First let me say, I don't come here often, so if my idea is already used or been discussed please send me a PM about it and lock the thread. Anyhow, I didn't want to have to deal with Mr. Silverman, and I figured people in this forum would have a better idea about this than the regular math folks(mind you I've forgotten everything I've even learned about programming).

But, as to my idea:I'm of the opinion that people are sieving and checking 2^n-1 in their attempt to collect the money(or simply be in the record books). But isn't it true that when it comes to LLR, when you do k*2^n-1, k's from 1 to 31 don't change the time taken much at all? So you would have 31 times as many opportunities for the same amount of work.

Am I missing something?

[axn]

Quote:

Originally Posted by jasong

But, as to my idea:I'm of the opinion that people are sieving and checking 2^n-1 in their attempt to collect the money(or simply be in the record books). But isn't it true that when it comes to LLR, when you do k*2^n-1, k's from 1 to 31 don't change the time taken much at all? So you would have 31 times as many opportunities for the same amount of work.

I don't have any specific benchmarks, but I believe there is a significant speed difference between 2^n-1 and k*2^n-1, even for such small k's. Also k=1,2,4,8 and 16 belong to the 2^n-1 family only

[cheesehead]

Quote:

Originally Posted by jasong

But isn't it true that when it comes to LLR, when you do k*2^n-1, k's from 1 to 31 don't change the time taken much at all?

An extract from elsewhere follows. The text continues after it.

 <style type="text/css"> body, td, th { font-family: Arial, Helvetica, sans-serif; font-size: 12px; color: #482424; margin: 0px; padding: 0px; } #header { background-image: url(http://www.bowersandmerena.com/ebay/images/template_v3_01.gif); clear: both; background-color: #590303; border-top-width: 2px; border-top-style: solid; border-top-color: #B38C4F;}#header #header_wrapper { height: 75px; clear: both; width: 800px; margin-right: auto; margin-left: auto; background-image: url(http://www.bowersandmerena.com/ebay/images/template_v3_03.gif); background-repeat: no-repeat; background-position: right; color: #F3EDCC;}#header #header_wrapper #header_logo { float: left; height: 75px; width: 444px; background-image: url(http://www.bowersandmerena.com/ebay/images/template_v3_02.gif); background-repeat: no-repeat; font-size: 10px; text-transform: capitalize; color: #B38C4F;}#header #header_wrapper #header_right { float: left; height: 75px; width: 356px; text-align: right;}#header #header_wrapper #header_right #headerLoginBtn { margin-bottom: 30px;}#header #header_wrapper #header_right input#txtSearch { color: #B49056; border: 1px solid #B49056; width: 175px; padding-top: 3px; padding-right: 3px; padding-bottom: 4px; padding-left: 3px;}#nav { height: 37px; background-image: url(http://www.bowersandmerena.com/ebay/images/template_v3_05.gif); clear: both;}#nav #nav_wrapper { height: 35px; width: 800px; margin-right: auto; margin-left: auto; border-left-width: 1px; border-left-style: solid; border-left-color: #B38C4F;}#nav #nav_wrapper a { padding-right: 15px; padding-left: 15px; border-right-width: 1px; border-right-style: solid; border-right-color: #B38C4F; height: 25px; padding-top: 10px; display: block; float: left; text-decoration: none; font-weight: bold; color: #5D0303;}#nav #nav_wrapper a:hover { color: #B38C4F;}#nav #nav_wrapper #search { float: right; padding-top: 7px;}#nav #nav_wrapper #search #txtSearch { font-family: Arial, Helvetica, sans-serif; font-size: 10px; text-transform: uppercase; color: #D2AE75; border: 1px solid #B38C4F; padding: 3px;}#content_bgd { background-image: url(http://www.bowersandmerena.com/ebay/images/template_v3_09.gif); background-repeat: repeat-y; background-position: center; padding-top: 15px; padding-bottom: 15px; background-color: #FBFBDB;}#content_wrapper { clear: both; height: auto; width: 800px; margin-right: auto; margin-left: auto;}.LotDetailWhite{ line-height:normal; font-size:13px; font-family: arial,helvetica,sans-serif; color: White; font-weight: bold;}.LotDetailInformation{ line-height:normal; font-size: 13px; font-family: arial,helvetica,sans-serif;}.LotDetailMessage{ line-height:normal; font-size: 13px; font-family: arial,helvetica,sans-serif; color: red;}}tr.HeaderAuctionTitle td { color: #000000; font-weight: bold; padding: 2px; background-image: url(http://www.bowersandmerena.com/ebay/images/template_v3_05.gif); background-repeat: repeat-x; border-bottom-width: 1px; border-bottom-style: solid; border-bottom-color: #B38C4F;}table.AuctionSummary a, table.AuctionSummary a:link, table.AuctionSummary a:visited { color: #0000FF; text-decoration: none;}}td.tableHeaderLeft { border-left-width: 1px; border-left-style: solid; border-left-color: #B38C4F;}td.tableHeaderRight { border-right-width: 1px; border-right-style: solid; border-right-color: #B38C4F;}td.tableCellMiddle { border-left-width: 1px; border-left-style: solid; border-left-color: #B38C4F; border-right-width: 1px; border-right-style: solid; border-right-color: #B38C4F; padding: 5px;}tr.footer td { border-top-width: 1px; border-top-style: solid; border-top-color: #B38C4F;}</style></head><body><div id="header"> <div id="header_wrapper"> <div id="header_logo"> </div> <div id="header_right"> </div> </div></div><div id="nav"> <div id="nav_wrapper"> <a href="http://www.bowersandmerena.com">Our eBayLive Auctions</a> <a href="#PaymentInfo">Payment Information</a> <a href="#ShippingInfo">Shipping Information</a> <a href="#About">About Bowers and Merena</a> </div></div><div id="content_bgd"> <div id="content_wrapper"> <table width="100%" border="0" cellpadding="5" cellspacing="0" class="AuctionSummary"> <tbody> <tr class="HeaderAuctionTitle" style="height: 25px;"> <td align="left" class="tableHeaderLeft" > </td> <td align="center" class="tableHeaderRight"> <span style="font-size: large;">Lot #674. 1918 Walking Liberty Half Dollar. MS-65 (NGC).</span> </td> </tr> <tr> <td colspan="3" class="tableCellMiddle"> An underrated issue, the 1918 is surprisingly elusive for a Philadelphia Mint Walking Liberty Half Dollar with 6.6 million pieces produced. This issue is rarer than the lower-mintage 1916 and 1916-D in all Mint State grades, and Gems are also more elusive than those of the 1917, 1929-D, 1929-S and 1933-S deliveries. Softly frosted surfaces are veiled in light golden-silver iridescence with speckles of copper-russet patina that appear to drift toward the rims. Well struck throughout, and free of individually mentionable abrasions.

Doesn't "don't change the time" apply to each individual k, rather than to all k collectively? That is, 3*2^n-1 takes the same time as 5*2^n-1, but not the same time as 3*2^n-1 AND 5*2^n-1 together.

Perhaps I'm overlooking something myself, but I think that, in general, sieving on 2^n-1 does not help factor 3*2^n-1 or 5*2^n-1 or any other k*2^n-1 with odd k.

[R.D. Silverman]

Quote:

Originally Posted by cheesehead

Doesn't "don't change the time" apply to each individual k, rather than to all k collectively? That is, 3*2^n-1 takes the same time as 5*2^n-1, but not the same time as 3*2^n-1 AND 5*2^n-1 together.

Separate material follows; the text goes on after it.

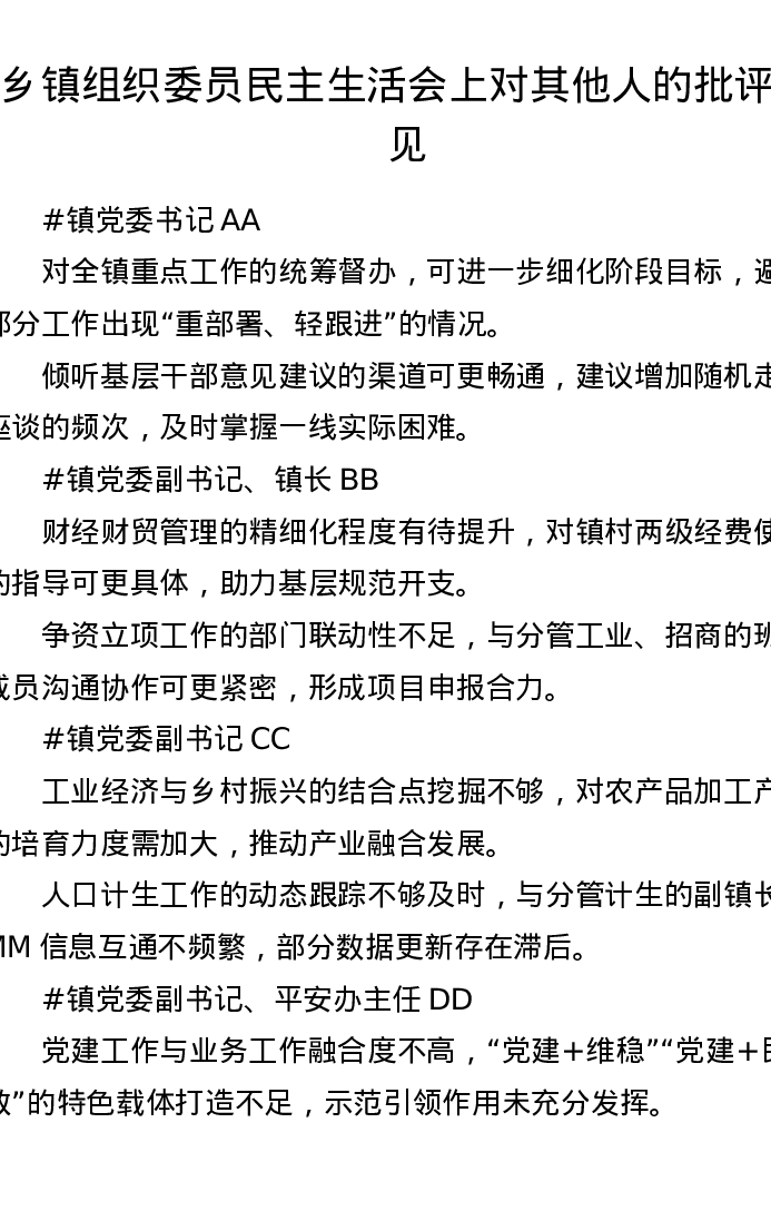 乡镇组织委员xxxxx上对其他人的批评意见(971字)
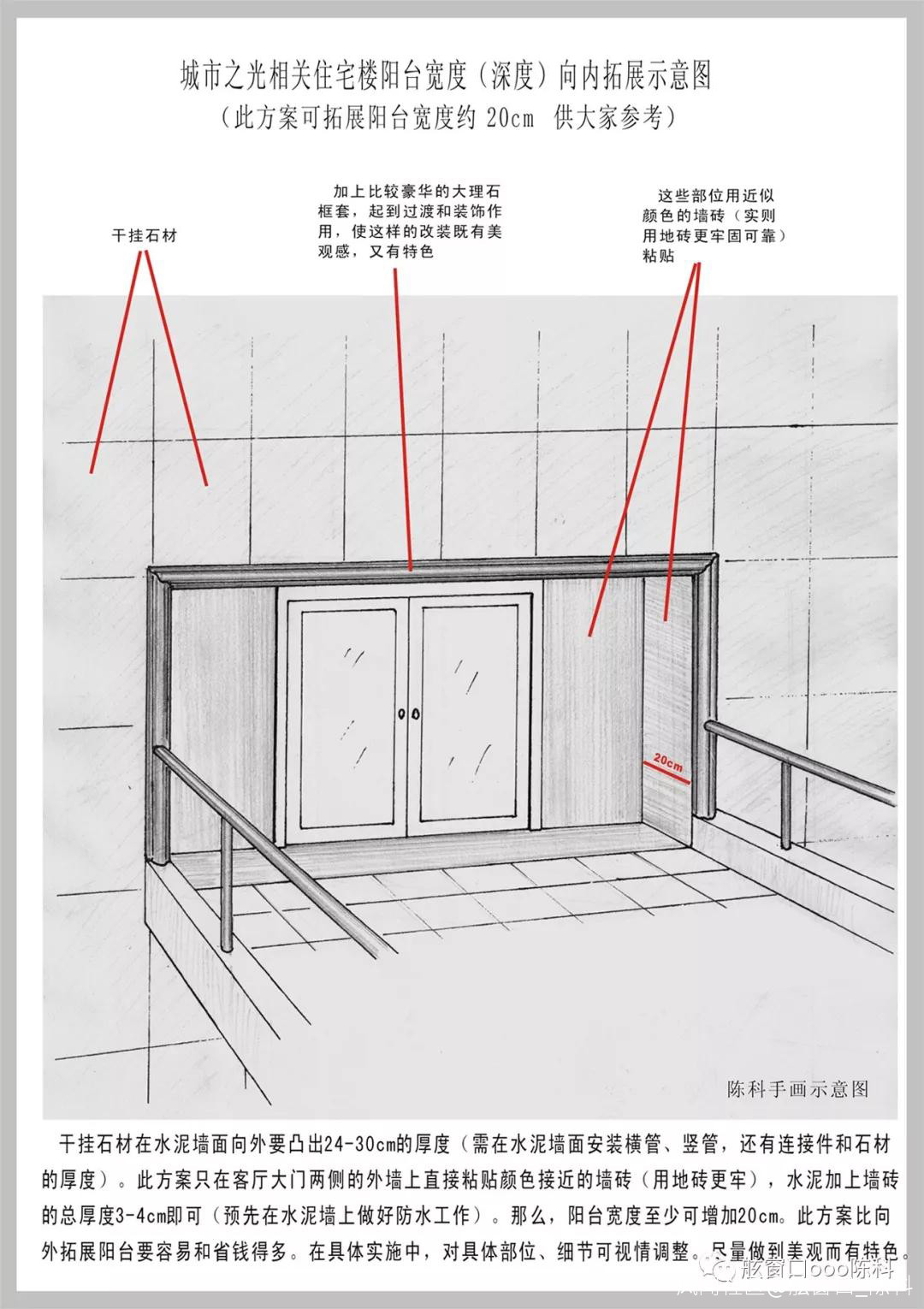 我們小區住宅還在建造時,很多鄰居就説陽台太窄了。當時(2017.9)我搞了以上這個設計方案圖發在羣裏,即:在陽台牆面(陽台移門兩側及上方的牆面)拿掉幹掛石材(含鋼架),直接貼牆磚,這樣可以減少牆的厚度20多釐米,從而增加陽台面積。 收房(2018.10起交付)後,確有不少鄰居把南陽台牆上的幹掛拿掉,換上牆磚等。本人測算了一下,如把咱家南陽台牆上幹掛換成牆磚,可增加陽台面積約0.5個平方,後因怕麻煩及成本等因素,最終未換掉幹掛。

Perhaps I'm overlooking something myself, but I think that, in general, sieving on 2^n-1 does not help factor 3*2^n-1 or 5*2^n-1 or any other k*2^n-1 with odd k.

You are correct. Processing k*2^n - 1 for small odd k is just slightly slower
than 2^n-1. Reducing a product mod k*2^n-1 requires a single
multiplication of half of the product by k, followed by a subtraction.

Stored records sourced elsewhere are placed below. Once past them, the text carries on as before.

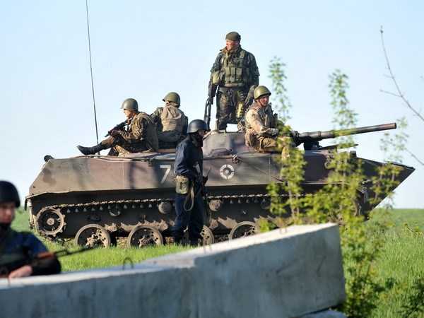 | Binh sỹ và cảnh sát Ukraine gác tại một trạm kiểm soát gần thành phố Slavyansk ngày 25/4 |
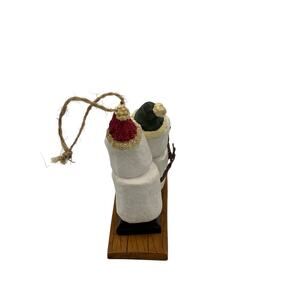 Features cute snowman couple riding a s'mores sled. Arms look to be made of wire. Made of resin.
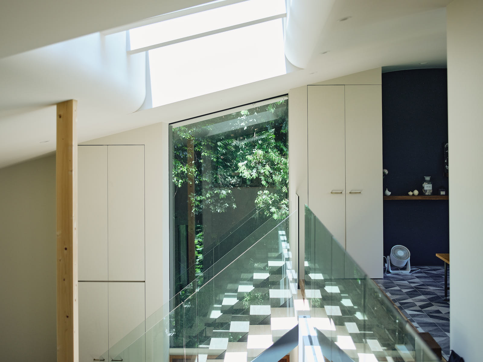 酒井さんがお気に入りの、四季を眺められる天窓。鎌倉山の木々が顔を覗かせ、ここからも自然の移り変わりがわかる。さっぱりした快晴の健やかさも、リズミカルな雨の音も、心が安らぐ星空も、起床した瞬間から物語のように始まる。
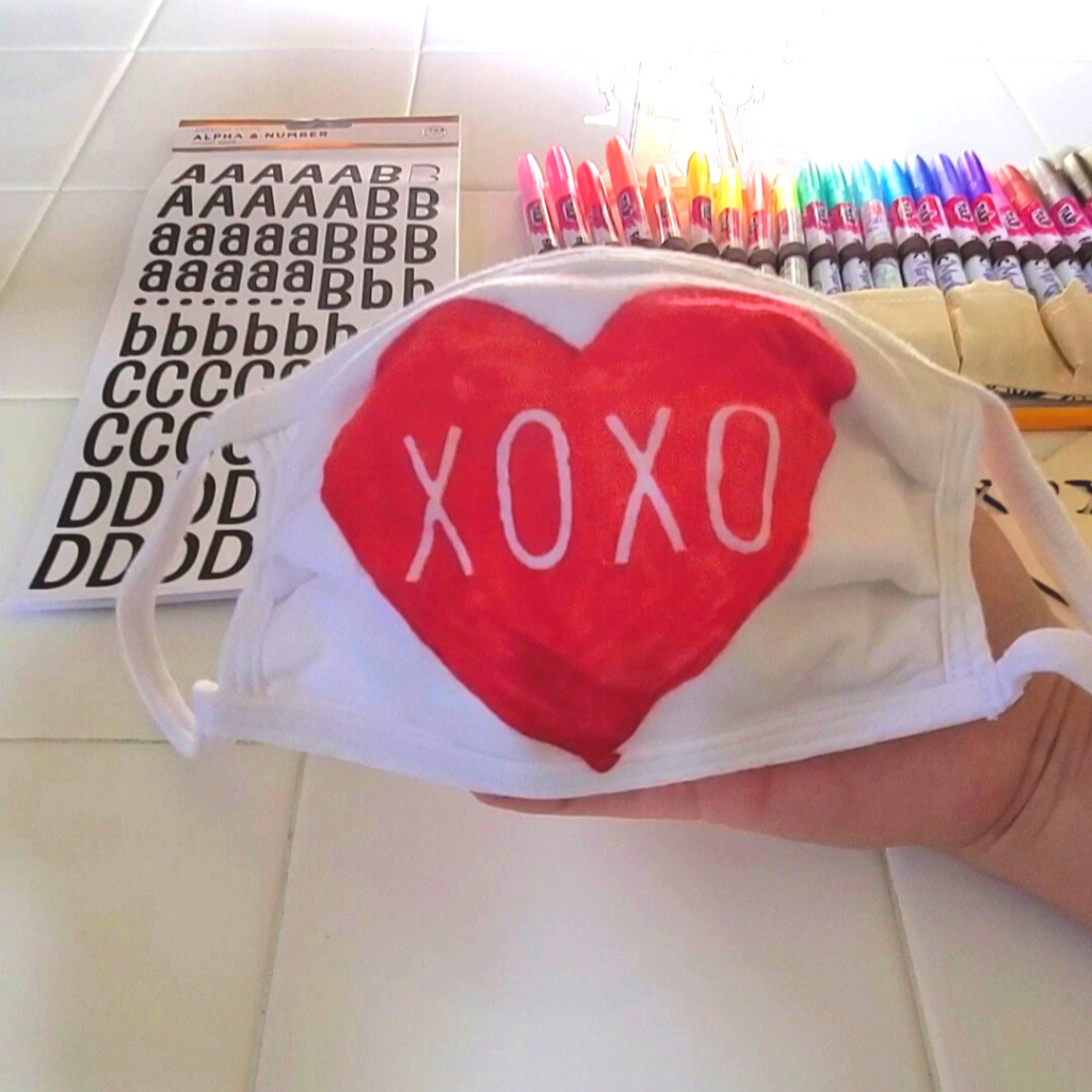 For the “XOXO” mask, I used my red fabric marker. Start by drawing over the pencil lines you made to trace out the heart first, then start filling in the heart. While the stickers adhered very well to the mask, make sure to still color over the letters with caution.

But one must check eack k.

[Prime95]

Quote:

Originally Posted by R.D. Silverman

Reducing a product mod k*2^n-1 requires a single multiplication of half of the product by k, followed by a subtraction.

You can even use a DWT. This adds log2(k) bits per double. So for very small k, 2^n-1 and k*2^n-1 often use the same FFT length. That is, at equal speed to an LL test.